1. How did you form the team for the competition?

We created our own studio in 2015 after winning the international competition of the Museum of Science, in Naples, which is currently under study. Margherita is a friend of ours who joined the GFC team and to help us describing our vision of Pantin, from the point of view of its future inhabitants.

2. How do you define the main issue of your project, and how did you answer on this session main topic: the place of productive activities within the city?

A productive city is a frame of never-ending change, both material and immaterial. Our project set the guidelines in order to achieve a scalable and sustainable development that is able to respond to the needs of the individual citizen. It was our intention not to impose a change but to encourage a constant evolution of the spaces available to citizens.

 

3. How did this issue and the questions raised by the site mutation meet?

Pantin, in the last 50 years, welcomed the scraps of Paris (figuratively) without any programming. We do not think that this trend will change in the near future. However, we believe that a productive city is the best answer to address this phenomenon.  

 

 

4. Have you treated this issue previously?

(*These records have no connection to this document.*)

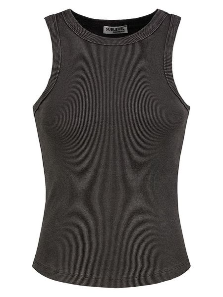 czarne topy topy z okrągłym kołnierzem topy bez ramiączek odzież, obuwie, dodatki damskie limango.pl odzież, obuwie, dodatki damskie sublevel topy sublevel topy ze sklepu limango.pl topy bez kołnierzyka topy bez rękawów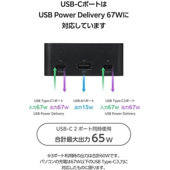 USB Type-Cポートを2ポート、USB-Aポートを1ポート搭載。2ポート同時接続時で、合計最大65Wの出力が可能な高出力モデルです。
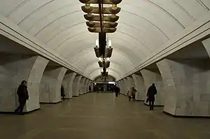 Chekhovskaya (Russian: Чеховская) is a station of the Serpukhovsko-Timiryazevskaya Line of the Moscow Metro. It was opened on December 31, 1987, and served as the northern terminus of the line for the following year. Its depth is 62 metres (203 ft). The vestibule is located in Pushkinskaya Square, while the station is named for the writer Anton Chekhov. It was the deepest station in Moscow Metro from 1987 until 1991.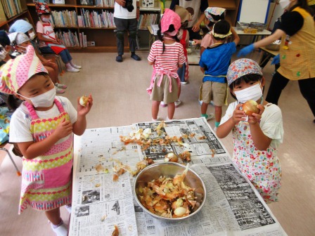 幼稚園で収穫した、ニンジン、タマネギ、ジャガイモを使ってカレーを作りました。年長組の子どもたちが野菜を切って、炒めて、ルーを入れてカレー作りを頑張りました。年少組の子どもたちの分まで調理をしました。自分たちで作ると「タマネギを切ると目が痛くなるね。」や「ニンジンって切るの固いな。」「自分たちで作ったカレーは、言葉がでなくなるほどおいしいね。」など、いろいろな気付きがありました。たくさんおかわりをして、おなかいっぱい食べました!
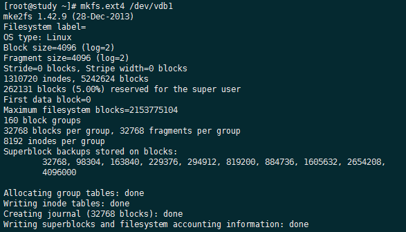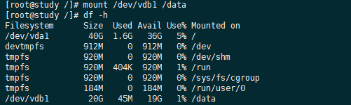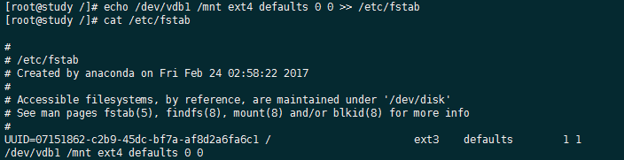 >echo /dev/vdb1 /mnt ext4 defaults 0 0 >> /etc/fstab
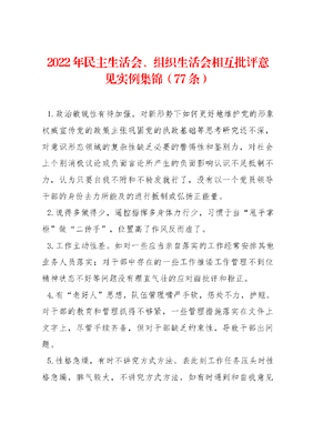 (77条)2022年民主生活会、组织生活会相互批评意见实例集锦.docx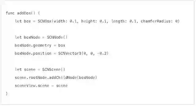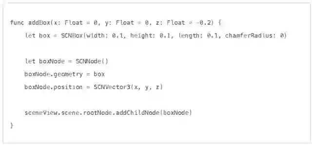 然后我们创建一个场景。这是要在视图中显示的SceneKit场景。然后我们将盒子节点添加到场景的根节点。场景中的根节点定义了由SceneKit呈现的现实世界的坐标系。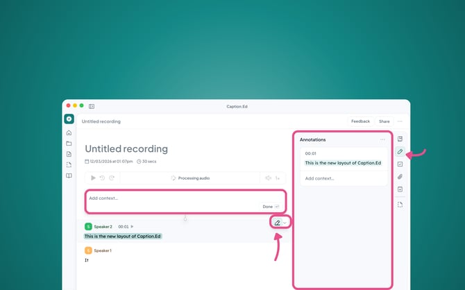 Previously, editing speaker names was only available in playback mode. Now, you can edit speaker names live, making it easier to keep track of who is speaking during a session. This is also the same for your transcription. Notice a word that you want to change? You can now do this instantly!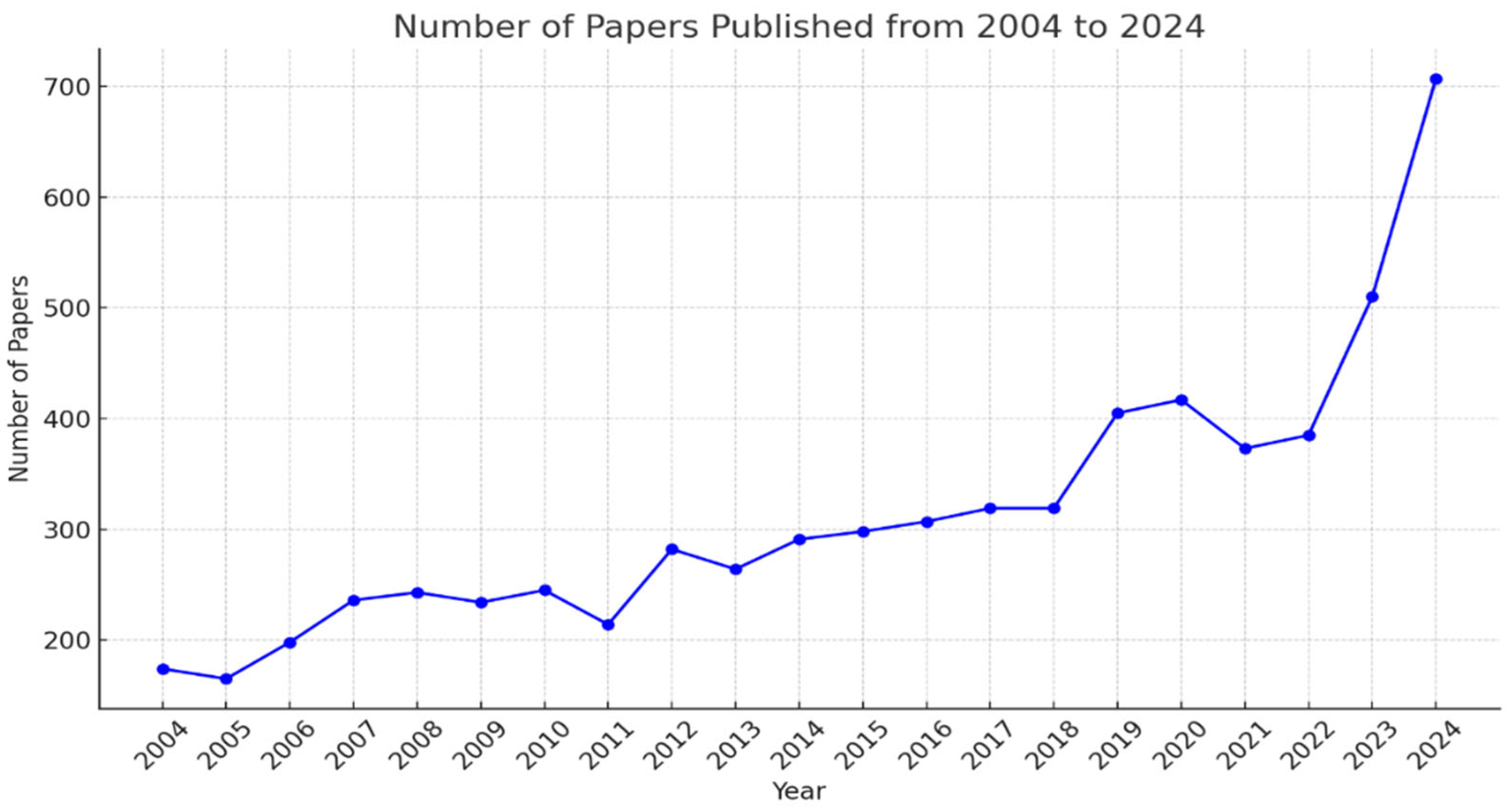 Our analysis of scholarly articles published between 2004 and 2024 reveals substantial growth and transformation in SSCM research. From an initial pool of approximately 10,500 papers retrieved through targeted keyword searches, we refined our dataset to 6586 papers suitable for topic modeling after rigorous data integrity checks and relevance screening. This refined sample forms the foundation for our longitudinal analysis.

What were the reference projects that inspired yours?

We have treated this issue in all our projects, but in a different scale. Our architecture hunts the principles of compacity, adaptability and recognisability which coincide with those we looked at in our vision for Pantin.

  

Tableau de Paris, Edmund Texier
 

5. Urban-architectural projects like the ones in Europan can only be implemented together with the actors through a negotiated process and in time. How did you consider this issue in your project?

When you deal with such a large site, negotiating is inevitable and desirable at the same time. At all levels, a good project should not avoid the confrontation with its actors, on the contrary, it should encourage it, since it is the best way to enrich the project.

6. Is it the first time you have been awarded a prize at Europan? How could this help you in your professional career?

Part of our team was honoured at Europan 11, but it ended there. Differently, we hope that the authorities are genuinely interested and that we will have the opportunity to put our ideas into practice.